Denzel Washington (The Manchurian Candidate) plays John Creasy, a man with a dark past that, while not explored here, continues to cause him pain. As the story opens, the clearly suicidal Creasy visits Rayburn, an associate from his former life as a government assassin played by Christopher Walken (Envy). Walken adds surprising definition to both characters, giving a sense of details from their contracted murderous pasts without actually revealing any specifics of that former life. Rayburn “lives like a king” in Mexico arranging security for a U.S. car manufacturer running assembly out of Mexico. Rayburn suggests a job as a bodyguard for the daughter of one of the Mexican plant owners in order to get Creasy back on his feet.
Creasy’s biggest problem holding any kind of a job since his days as a killer is his drinking, but Samuel Ramos (Marc Anthony) is not so concerned since the bodyguard is merely a necessity for him to renew the $10,000,000 kidnapping insurance policy to assure his social standing in the Mexico City business community. For his daughter Pita (Dakota Fanning, Taken) Creasy represents far more -- the father figure such an intelligent young girl so desperately needs.
Lisa, Samuel’s wife portrayed by Radha Mitchell (Phone Booth), at first likes Creasy simply because, like her, he is American. Eventually she comes to recognize the reluctant bonds Creasy forms with Pita. Then Pita is abducted, a ransom is demanded by a fugitive known only as “The Voice”, the police become involved along with a news paper reporter and an AFI investigator, and … Well, to reveal much more might be revealing too much, even though the film makers make such grossly unsubtle and obvious choices its hard not to figure out what is going to happen before it does. Needless to say, Creasy charges himself with the task of exacting revenge on each and every individual that had even the slightest hand in the kidnapping, thusly earning the film’s title.
Screenwriter Brian Helgeland (Mystic River) seems to have gleaned a great deal of ideas from A.J. Quinnell’s novel, and perhaps from elsewhere, that he wants to express here. There is the state of personal terrorism that is exacted on these privileged families of Latin America, the financial and logistic workings of this little-known in America service industry of kidnapping insurance, the farming out of the American auto industry to cheap labor countries, even the isolation of these children of industry like Pita; but the only story this film is really interested in telling is one of vengeance. Helgeland does succeed in fleshing out the central character of Creasy into a convincingly flawed individual, and Washington captures every nuance of emotional pain this tortured soul carries with him. The relationship between Creasy and Pita runs the danger of being too cute for such a gritty environment, but Helgeland meticulously molds their bonding in a way that is believable.
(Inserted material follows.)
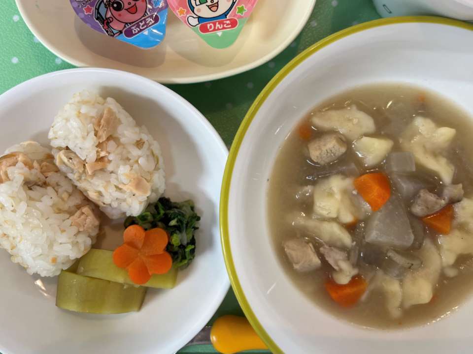 給食ではやわらかいすいとんを入れたお雑煮風の汁物も😊

Director Tony Scott (Enemy of the State) tells this gritty character study thriller in the jump cut/varying film stock and speed style popularized by David Fincher’s crime thriller Seven. This dizzying editing style might be employed to portray the alcohol addled daze in which Creasy spends the first thirty minutes of the film, or even the rage induced frenzy of its final hour, but it all seems much more random than that. I can’t help getting the feeling when I’m watch a film by Tony Scott, that he is desperately trying to live up to the skill and accolades of his brother Ridley’s work. Ridley Scott has employed these same storytelling tactics in films that seem much more focused on the overall objective of the material than it does here in Tony’s film. Tony even goes so far as to copy his brother’s Hannibal casting choice of the great Italian actor Giancarlo Giannini as a law enforcement authority of questionable motivations. Or perhaps he just uses Giannini in this similar role to make the audience question his motivations.
All these jump cuts and nearly subliminal images seem much more appropriate for the horror genre than this, albeit psychologically based, action flick. A visionary director knows when to employ certain filmmaking techniques, and more importantly when not to. Gore Verbinski comes to mind as someone who has employed this particular storytelling devise successfully in The Ring, and yet produced a picture sans flash editing that could have been directed by an entirely different artist with his Pirates of the Caribbean. There is one image in particular that is cheated to the audience in the opening moments of the film, which is finally contextualized in the closing shots. Is this meant to suggest a prophetic nature to the proceedings? A miscalculated story of fate? I don’t know.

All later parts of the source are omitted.